## Exercise requirements
In the entries that follow, repeat exactly the lines from the one that has "Promo Trans Snow" through the one that has "This Tahitian Village single-family", but omit pictures.

## Provided records
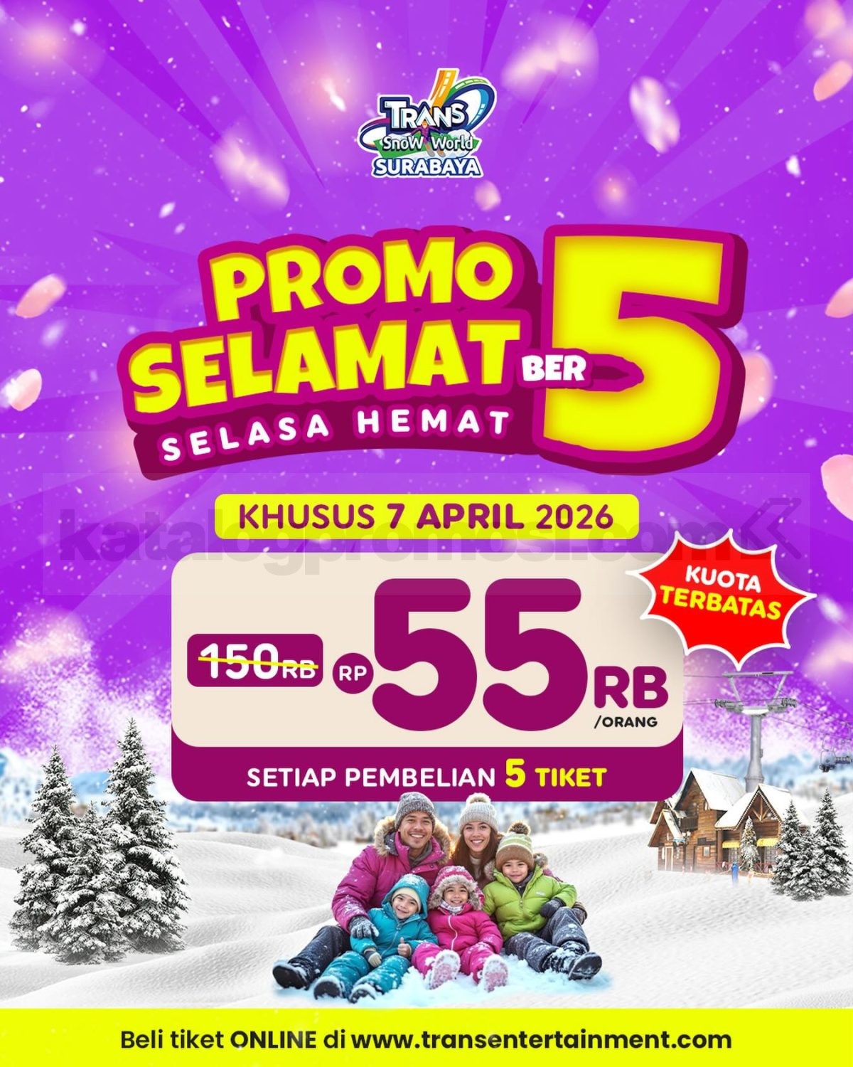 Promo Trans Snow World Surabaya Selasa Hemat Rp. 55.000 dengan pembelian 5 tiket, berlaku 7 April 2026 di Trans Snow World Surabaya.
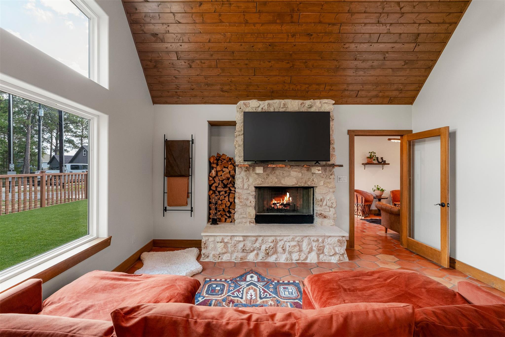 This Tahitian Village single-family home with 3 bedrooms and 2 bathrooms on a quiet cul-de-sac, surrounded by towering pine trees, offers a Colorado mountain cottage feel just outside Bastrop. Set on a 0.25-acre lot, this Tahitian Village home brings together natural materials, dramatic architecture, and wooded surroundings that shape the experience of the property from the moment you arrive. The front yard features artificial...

* * *

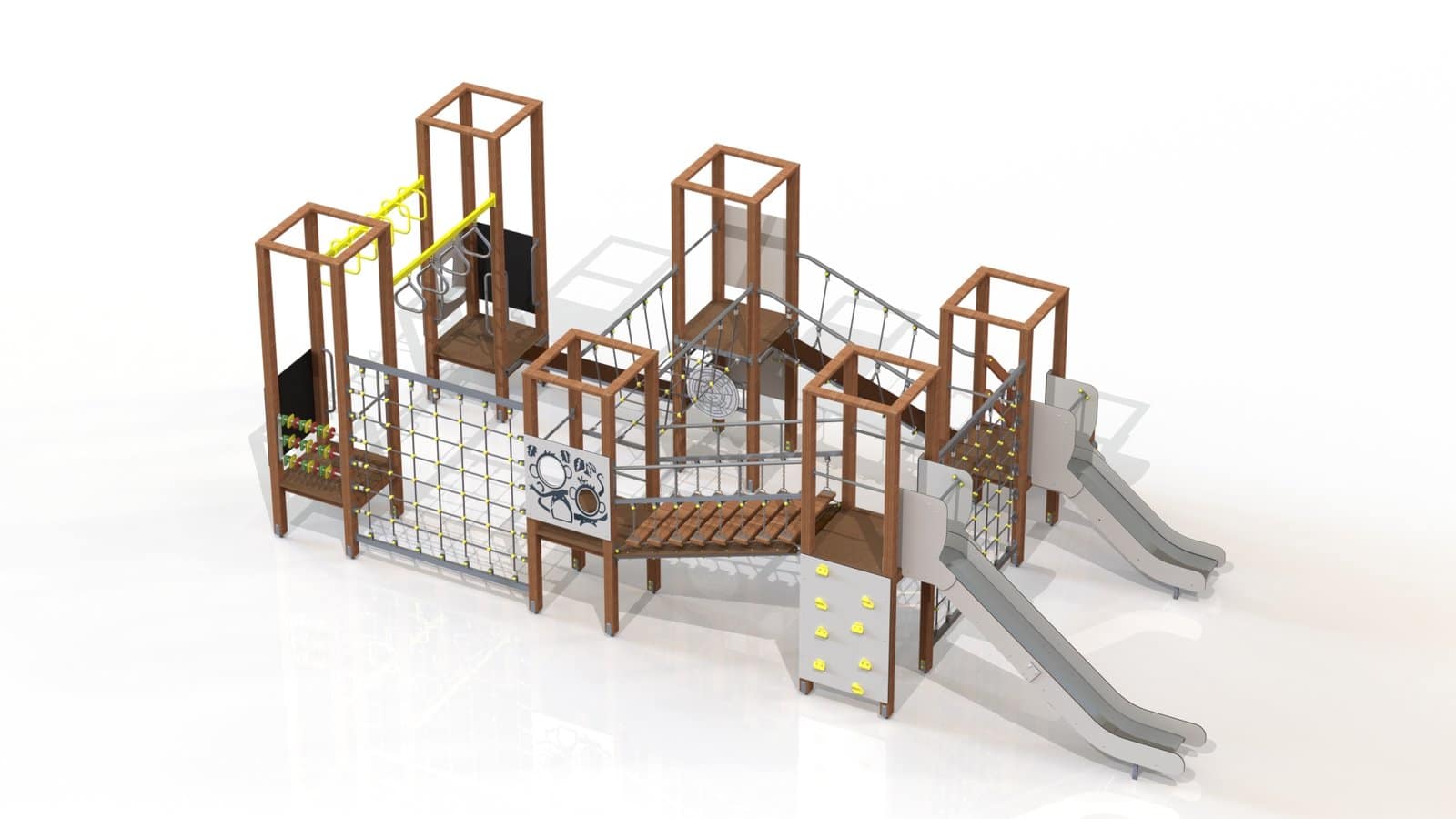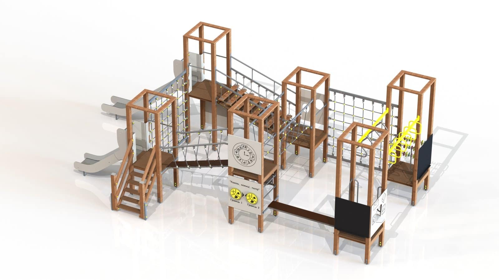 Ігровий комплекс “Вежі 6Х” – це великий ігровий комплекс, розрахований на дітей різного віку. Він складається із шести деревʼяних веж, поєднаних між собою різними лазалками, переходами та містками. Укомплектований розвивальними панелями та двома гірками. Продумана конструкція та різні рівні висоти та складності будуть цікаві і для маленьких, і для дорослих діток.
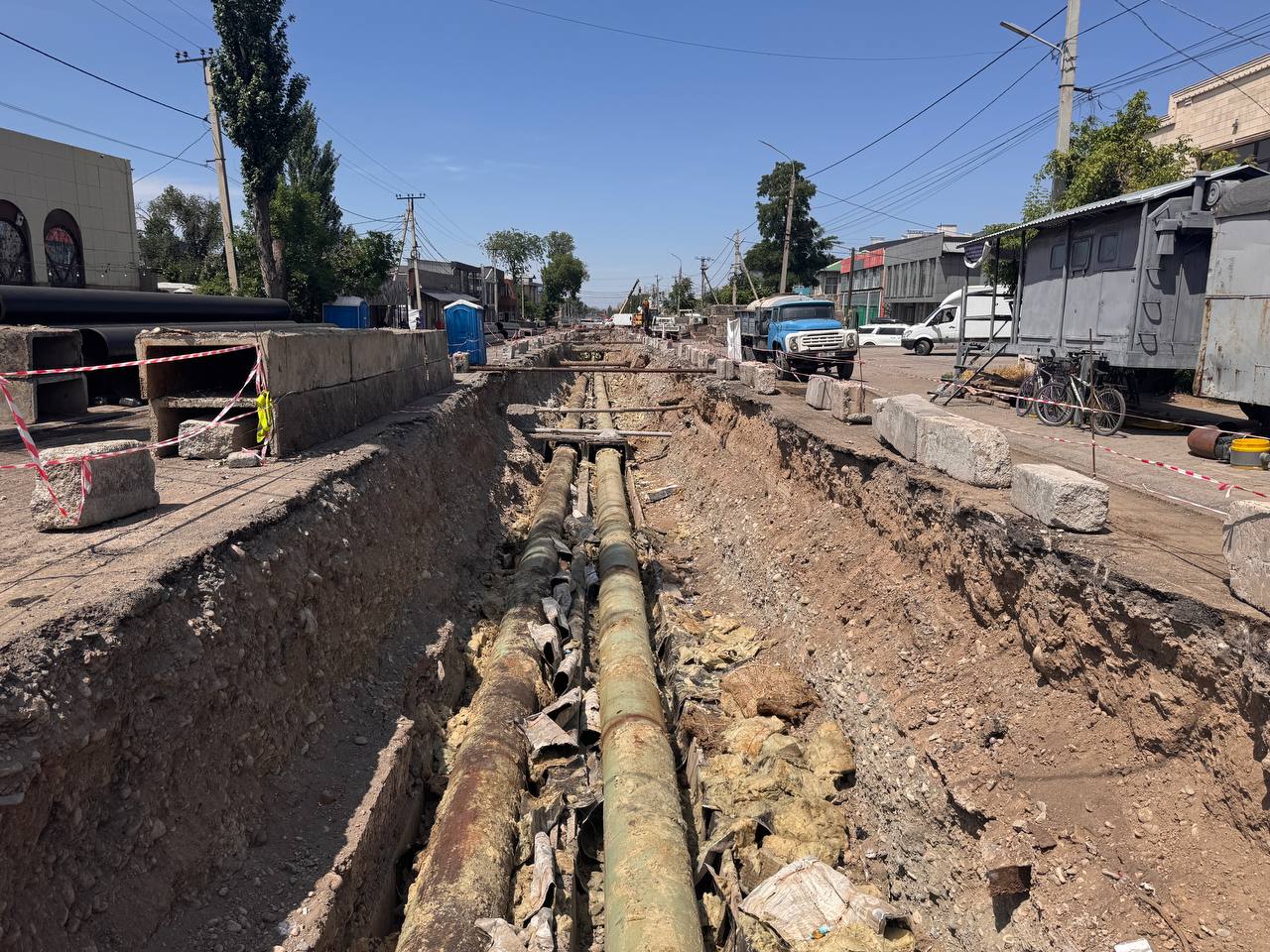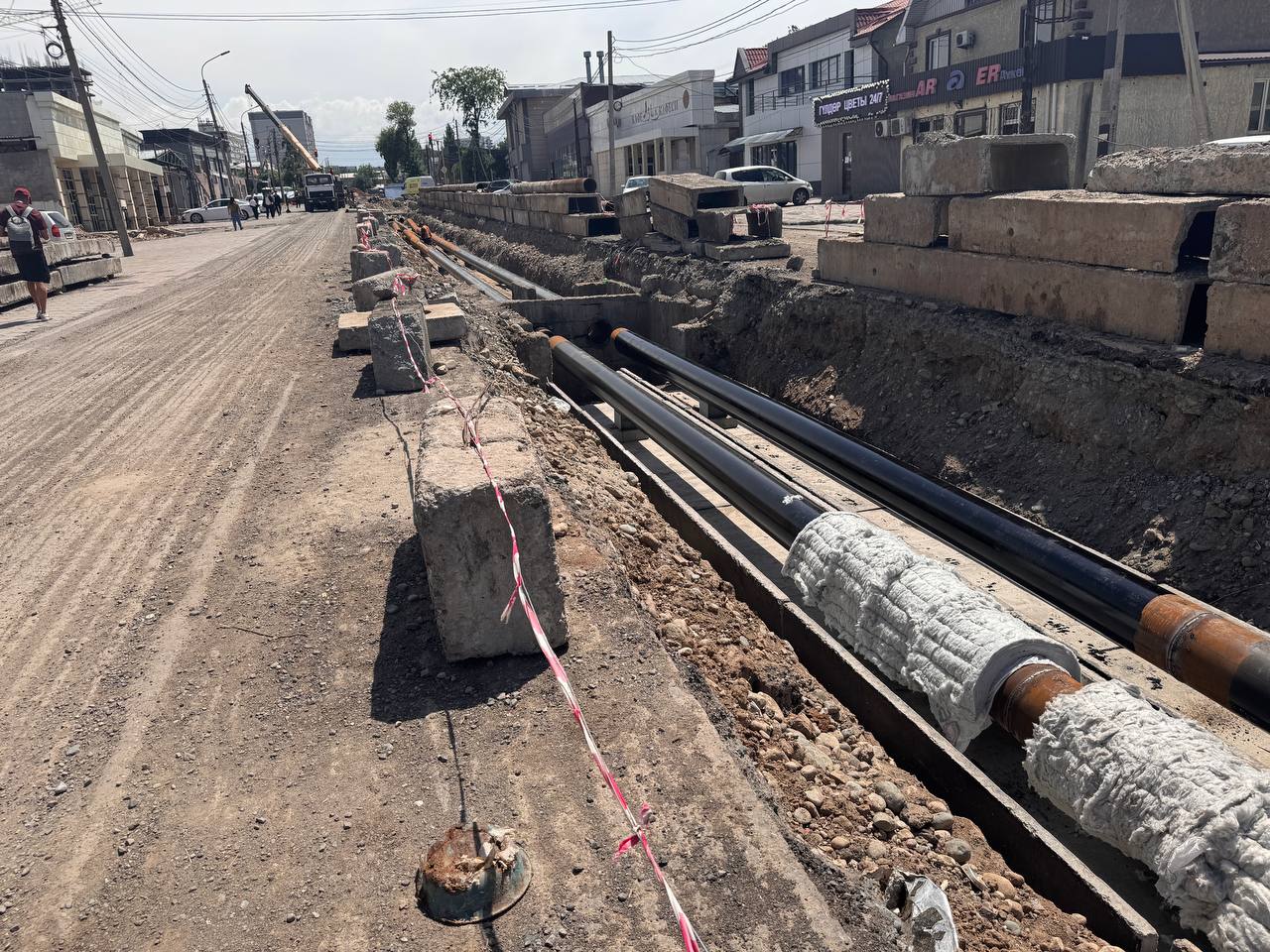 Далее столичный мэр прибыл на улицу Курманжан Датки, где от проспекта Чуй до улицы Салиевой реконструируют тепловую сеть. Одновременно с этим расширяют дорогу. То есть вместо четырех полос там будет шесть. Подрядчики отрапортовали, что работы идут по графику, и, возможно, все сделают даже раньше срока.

...

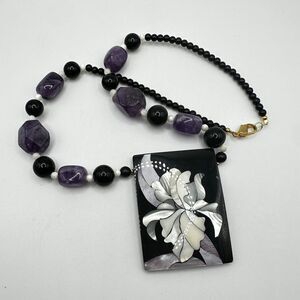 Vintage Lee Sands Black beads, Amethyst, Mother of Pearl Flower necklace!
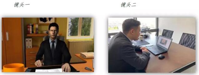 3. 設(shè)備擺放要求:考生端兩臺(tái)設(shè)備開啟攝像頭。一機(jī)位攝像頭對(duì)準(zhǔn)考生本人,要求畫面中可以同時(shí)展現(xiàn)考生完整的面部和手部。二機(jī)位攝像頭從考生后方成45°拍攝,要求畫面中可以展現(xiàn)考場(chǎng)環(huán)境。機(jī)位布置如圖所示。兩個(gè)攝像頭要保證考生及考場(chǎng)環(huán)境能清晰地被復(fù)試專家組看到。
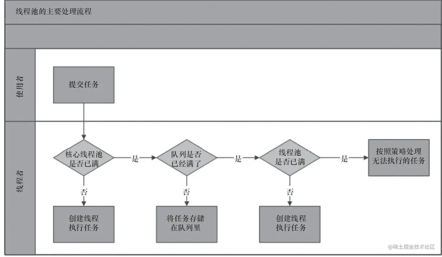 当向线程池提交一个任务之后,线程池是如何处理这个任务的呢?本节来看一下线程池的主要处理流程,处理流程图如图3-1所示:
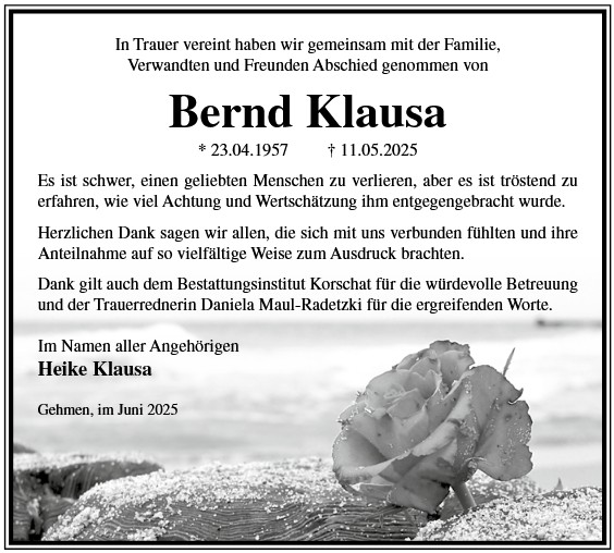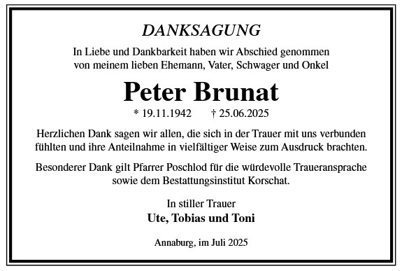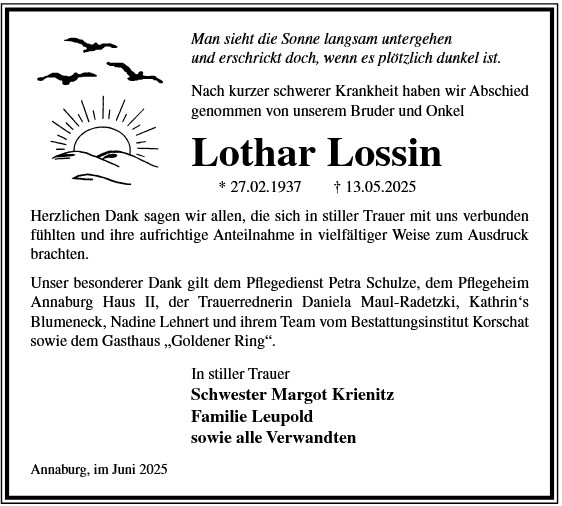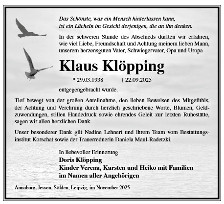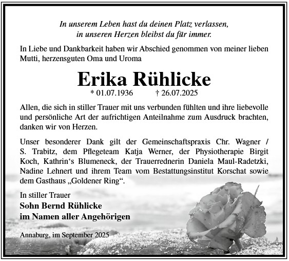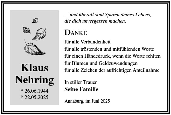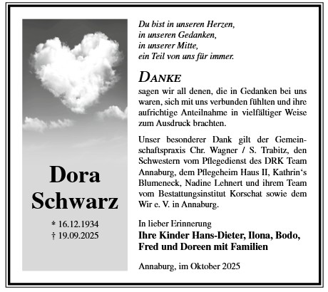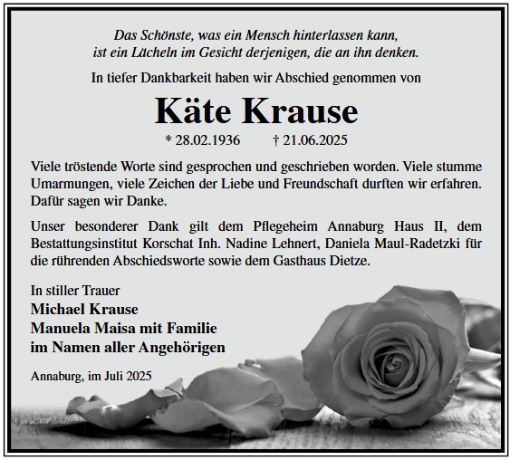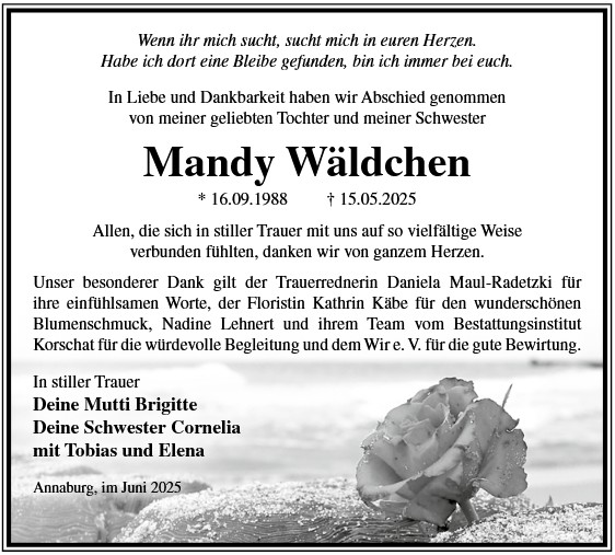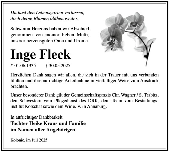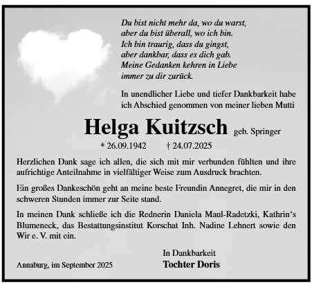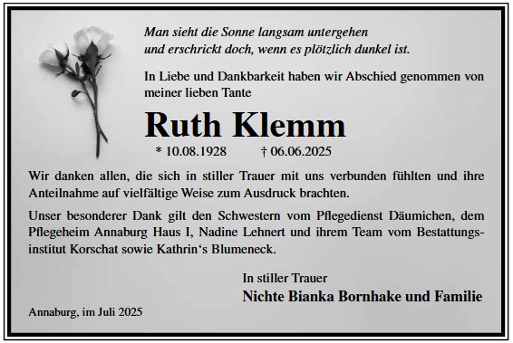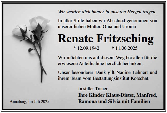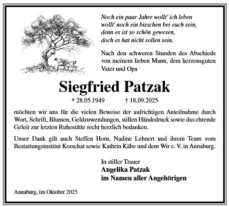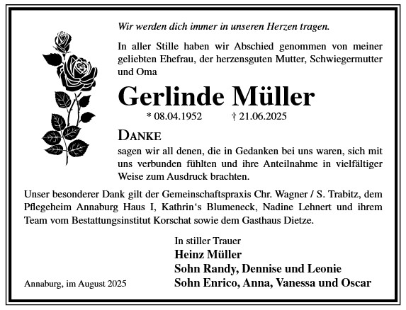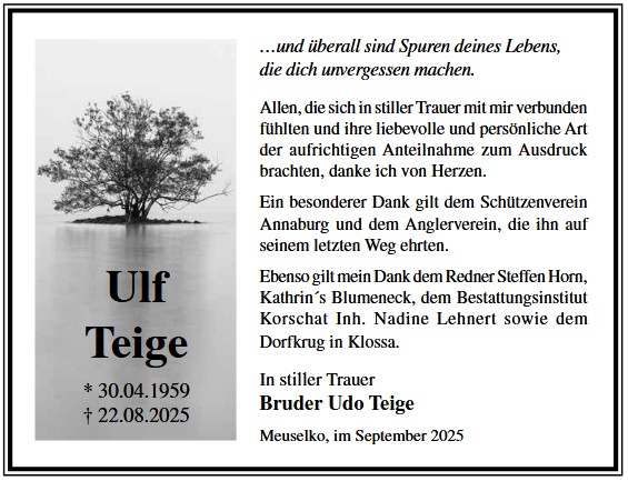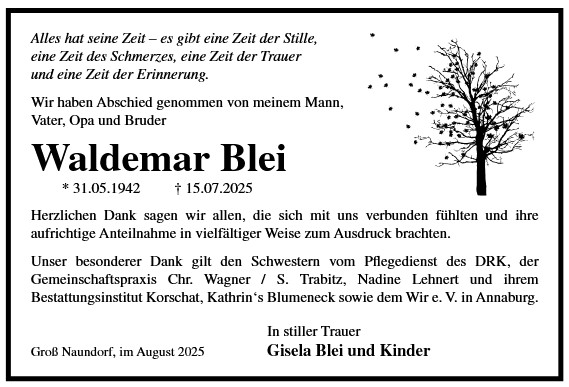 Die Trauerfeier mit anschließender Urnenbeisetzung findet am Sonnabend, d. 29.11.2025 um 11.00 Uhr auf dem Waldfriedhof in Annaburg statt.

## Answer area
 Promo Trans Snow World Surabaya Selasa Hemat Rp. 55.000 dengan pembelian 5 tiket, berlaku 7 April 2026 di Trans Snow World Surabaya.
 This Tahitian Village single-family home with 3 bedrooms and 2 bathrooms on a quiet cul-de-sac, surrounded by towering pine trees, offers a Colorado mountain cottage feel just outside Bastrop. Set on a 0.25-acre lot, this Tahitian Village home brings together natural materials, dramatic architecture, and wooded surroundings that shape the experience of the property from the moment you arrive. The front yard features artificial...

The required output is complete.